To investigate if non-stressful conditions affect the relationship between sympathetic arousal and dexterous performance in surgical training, we developed a 5-week informal training regimen where subjects had to perform two standardized microsurgical tasks in randomized order. The tasks were cutting and suturing. Inexperienced allopathic students interested in surgical careers were contacted for voluntary participation in our educational study, which had no repercussion in case of subpar performance.
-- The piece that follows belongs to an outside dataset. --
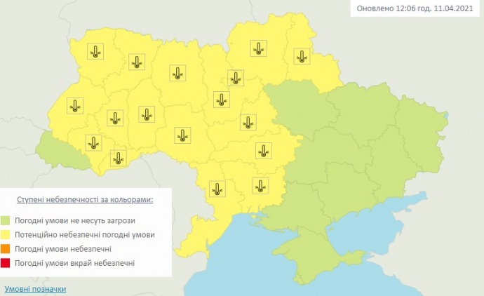 Дословно: "12 апреля ночью в Украине, кроме юго-восточной части, на поверхности почвы заморозки 0-5° (1 уровень опасности, желтый)".

This informal microsurgical training module yielded strong educational results, with subjects (n = 15) exhibiting remarkable improvement in surgical proficiency and speed during the 5-week practice period (Figs 3 and 4). The physiologically measured distress in the form of sympathetic arousal, \({\rm{\Delta }}(\overline{PP})\), was moderate and unchanged throughout the five training sessions; it was not a factor in proficiency performance. The psychometrically measured distress in the form of SAI scores, was in agreement with the physiological indicator. When we replaced proficiency score with mean subtask time (i.e., speed of execution) as the measured outcome, we were able to replicate nearly all statistical associations in the respective models.

Figure 3
figure 3

Proficiency score distributions for cutting and suturing, stratified by session number. The numbers in red are the p values of the tests against the base session (Session 1) carried out per Eq. 1.

Figure 4
figure 4

Mean subtask time distributions for cutting and suturing, stratified by session number. The numbers in red are the p values of the tests against the base session (Session 1) carried out per Eq. 3.

In contradistinction to the moderate stress levels and rapid learning results in the present study, previous studies1,2,3 reported high stress levels in surgical trainees and slow learning processes. The main factor that sets the current study apart from these other studies is the educational context. In prior studies, researchers shadowed surgical residents during their mandatory training. In this study, young surgery enthusiasts rather than novice surgeons took up surgical training as hobby.

Hence, it appears that by removing exogenous stress factors, associated with the notoriously competitive and harsh lifestyle of surgery residencies, stress levels during inanimate surgical training plummet. The inherently challenging nature of standardized surgical tasks does not produce overwhelming arousal responses as a stand-alone factor. The residual arousal levels of moderate intensity allow dexterous skill acquisition to flourish.

What is of immense interest is the likely mechanism though which surgical training accelerates under relaxed environmental conditions. As it is reported by Pavlidis et al.1, high stress levels during formal surgical training precipitate fight-or-flight responses, which manifest as fast action (i.e., high speed). In the absence of experience, these fast actions contribute to high error rates (thus, low proficiency scores), spawning a vicious cycle that hampers dexterous skill acquisition. The moderate arousal levels in the current study design, apparently suppress fight-or-flight responses, enabling the trainees to start with low speeds (Fig. 4) that are appropriate for their level of expertise. This facilitates progress towards a lower error rate - thus, higher proficiency scores - (Fig. 3), locking the trainee on a positive reinforcement loop rather than a negative one.

It is worth noting that most of the previous studies focused on inanimate laparoscopic training, while the present study is centered on inanimate microsurgical training. While both forms of surgery are technically challenging21 and feature similar standardized tasks, they also have some differences. One key difference is the use of loupes versus endoscopic cameras for visual guidance. Hence, a question arises about the extent to which the type of surgery affects dexterous behaviors. Harwell et al.22 showed that human distress in the form of physiological tremor is inversely related to microsurgical proficiency - a finding that confirms microsurgery is no different than laparoscopy when it comes to sympathetic effects on novices1. In this respect, the results of our study are relevant to surgical training in general, and signal the need for a radical rethinking of educational norms and practices.